**What to do:**
The answer must be an exact transcription of the lines below from the first through the one containing "This charming headband", with the pictures left out; please add nothing else.

**Entries provided:**
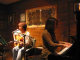 その後、明日の諏訪での豊田勇造コンサートを中心になって担っている岡谷の中島さん、諏訪のボブ鈴木がやってくる。ここでボブが「川をくだって」「もしも賀茂川(諏訪湖)がウイスキーなら」「イマジン」など何曲か歌い、豊田君がリードをつけた。ボブが気持ちよさそうに歌っている。とてもいい雰囲気だ。豊田君の乾いたギブソンのサウンドがオーリアッドの木の壁に反響する。とてもきれいだ。カウンターにすわっていた長島君が思わず「かっこういい」とつぶやく。
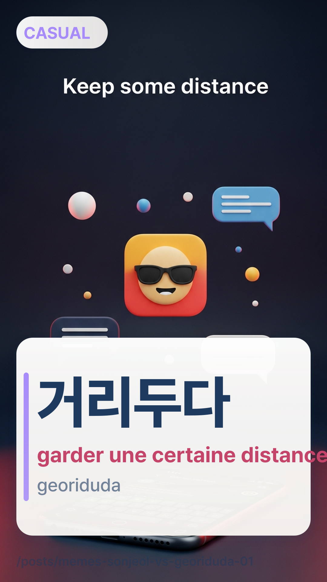 손절sonjeol, c’est couper quelqu’un (définitif), tandis que 거리두다georiduda, c’est créer de la distance (encore réversible).
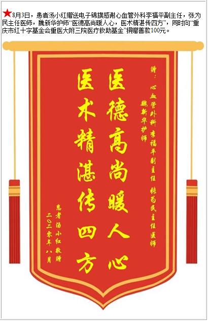 患者汤小红赠送电子锦旗感谢心血管外科李福平副主任等人,并向医疗救助基金捐赠善款100元-锦旗-患者心声-患者服务-重庆医科大学附属第三医院【官方网站】
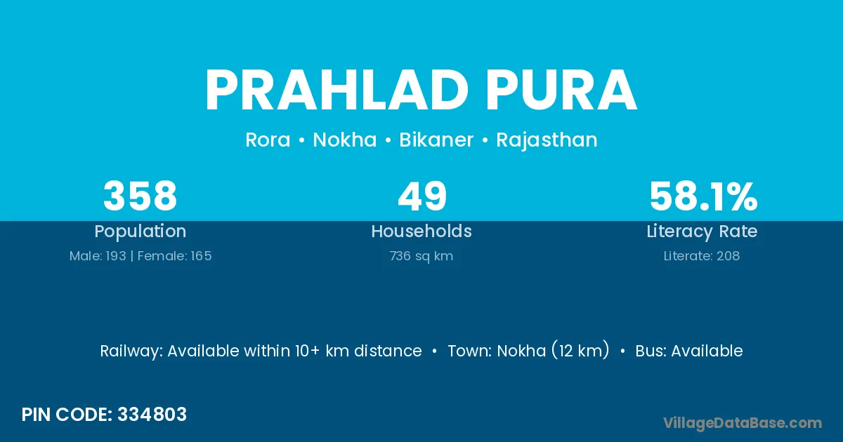 Nokha (12 km) is the nearest town to Prahlad Pura village for major economic activities and is located approximately 12 km away.
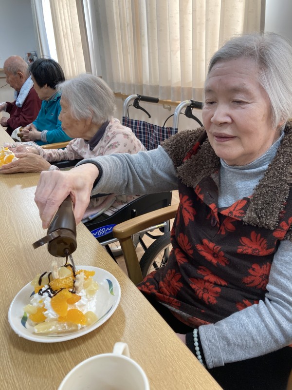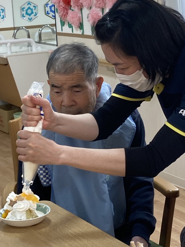 皆さん楽しそうにフルーツやクッキー、生クリームやチョコソースをトッピング♪
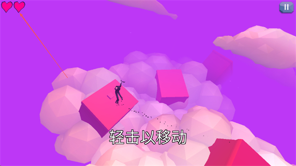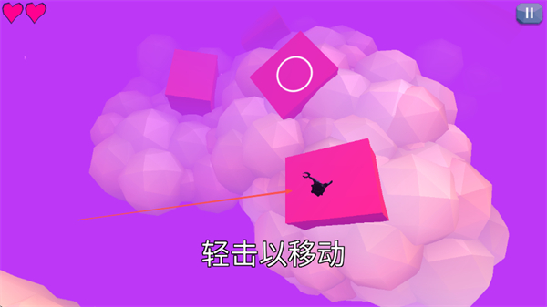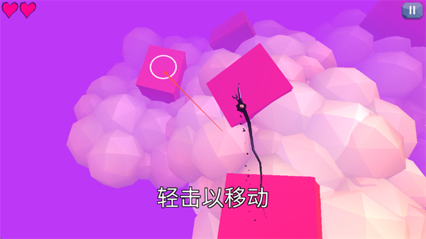 1、輕擊屏幕控制觸須精靈在粉色方塊間移動,移動時需注意方塊的位置和距離,避免掉落。
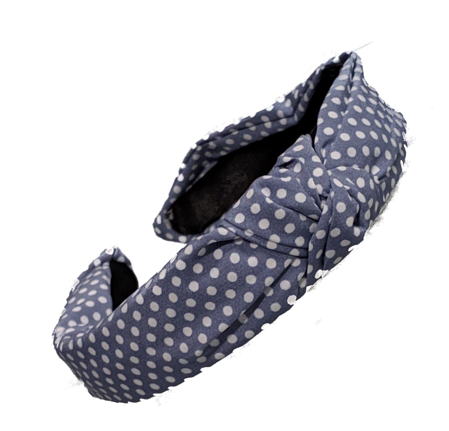This charming headband features a delightful knot style, beautifully covered in a grey polka dot fabric. Its wide plastic design ensures a comfortable fit, making it a perfect accessory for any occasion.
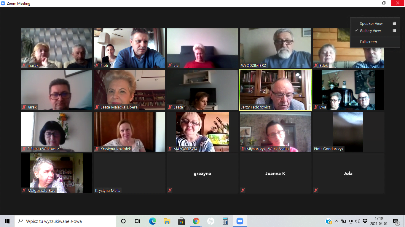 W czwartek 01 kwietnia 2021 roku podczas spotkania online stowarzyszenia gościliśmy Jerzego Fedorowicza- poetę, aktora, reżysera a obecnie Senatora RP. Gość opowiedział nam o swych scenicznych przygodach i anegdotach z tym związanych.
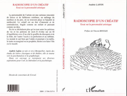 La personnalité de l'artiste est une curieuse rencontre de forces et de faiblesses extrêmes. En lui se déchaînent plus qu'en tout autre les pulsions de vie et de mort. Comme l'oeuvre d'art, l'écriture exprime l'inconscient de son auteur. L'auteur porte son étude sur une centaine d'écritures, à travers trois étapes de la créativité : la naissance de la vocation à travers chacun des stades freudiens (oral, anal, phallique), le phénomène de la sublimation et la constitution du moi ; l'élaboration de l'oeuvre à partir de la réalité extérieure, selon les fonctions jungiennes (sensation, sentiment, intuition) ; la restitution de l'oeuvre au monde, qui fait de l'artiste un être à la fois différent des autres et interprète de tous.
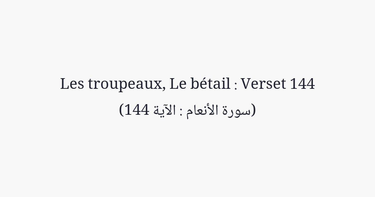 ...deux pour les camélidés, deux pour les bovins... Dis: «Est-ce les deux mâles qu'Il a interdits ou les deux femelles, ou ce qui est dans les matrices des deux femelles? Ou bien étiez-vous témoins quand Allah vous l'enjoignit?» Qui est donc plus injuste que celui qui invente un mensonge contre Allah pour égarer les gens sans se baser sur aucun savoir? Allah ne guide pas les gens injustes.
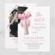 Convite de formatura com borlas Coquette rosa Minimalista, Anúncio de festa de formatura Ela Conseguiu, Festa de formatura editável

**Answer section:**
 その後、明日の諏訪での豊田勇造コンサートを中心になって担っている岡谷の中島さん、諏訪のボブ鈴木がやってくる。ここでボブが「川をくだって」「もしも賀茂川(諏訪湖)がウイスキーなら」「イマジン」など何曲か歌い、豊田君がリードをつけた。ボブが気持ちよさそうに歌っている。とてもいい雰囲気だ。豊田君の乾いたギブソンのサウンドがオーリアッドの木の壁に反響する。とてもきれいだ。カウンターにすわっていた長島君が思わず「かっこういい」とつぶやく。
 손절sonjeol, c’est couper quelqu’un (définitif), tandis que 거리두다georiduda, c’est créer de la distance (encore réversible).
 患者汤小红赠送电子锦旗感谢心血管外科李福平副主任等人,并向医疗救助基金捐赠善款100元-锦旗-患者心声-患者服务-重庆医科大学附属第三医院【官方网站】
 Nokha (12 km) is the nearest town to Prahlad Pura village for major economic activities and is located approximately 12 km away.
 皆さん楽しそうにフルーツやクッキー、生クリームやチョコソースをトッピング♪
 1、輕擊屏幕控制觸須精靈在粉色方塊間移動,移動時需注意方塊的位置和距離,避免掉落。
This charming headband features a delightful knot style, beautifully covered in a grey polka dot fabric. Its wide plastic design ensures a comfortable fit, making it a perfect accessory for any occasion.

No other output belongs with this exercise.